A: As far as your question, that's an easy one. There will be far more articles on Wikipedia in a year then there are today. See the chart to the right showing the exponential growth in the number of Wikipedia articles over the last several years. Also read Wikipedia:Modelling Wikipedia's growth. Yes, articles will be deleted, but many more will be created. In 2006 I created webcomics-related articles on Amy Kim Ganter, Gene Yang, Svetlana Chmakova, and more.
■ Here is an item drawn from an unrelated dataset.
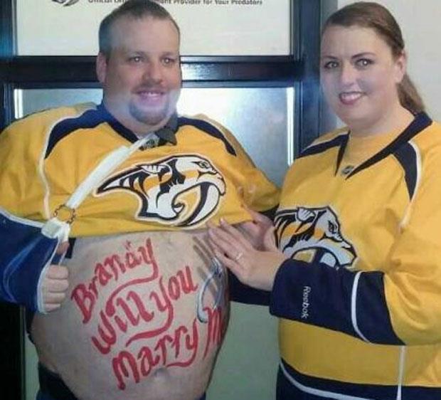 On je iskoristio meč Nešvila i Nju Džersija da zaprosi devojku, a to je učinio na jedinstven način. On je na svom ogromnom stomaku napisao: Brendi, hoćeš li da se udaš za mene?

In 2007 I hope to have the sources to create that Dylan Meconis article and any other webcomics-related article I can find good sources for. It would be nice if I could spend less time mopping up spam articles and dealing with trolls saying my encyclopedia writing makes them feel like killing, and more time in the coming year researching and writing encyclopedia articles.

And of course, quantity is a less important goal than quality. Wikipedia already has well over a million and a half articles, but as Wikipedia founder Jimmy Wales has put it, "We can no longer feel satisfied and happy when we see these (article) numbers going up. ... We should continue to turn our attention away from growth and towards quality." [6] For example, in the past year we managed to get Megatokyo up to featured article quality; I suspect we could write featured articles on other webomics like Penny Arcade (webcomic), Van Von Hunter, Get Your War On, Diesel Sweeties, Fetus-X, Mom's Cancer, PvP, Achewood, Narbonic, Sinfest, The Perry Bible Fellowship and many others.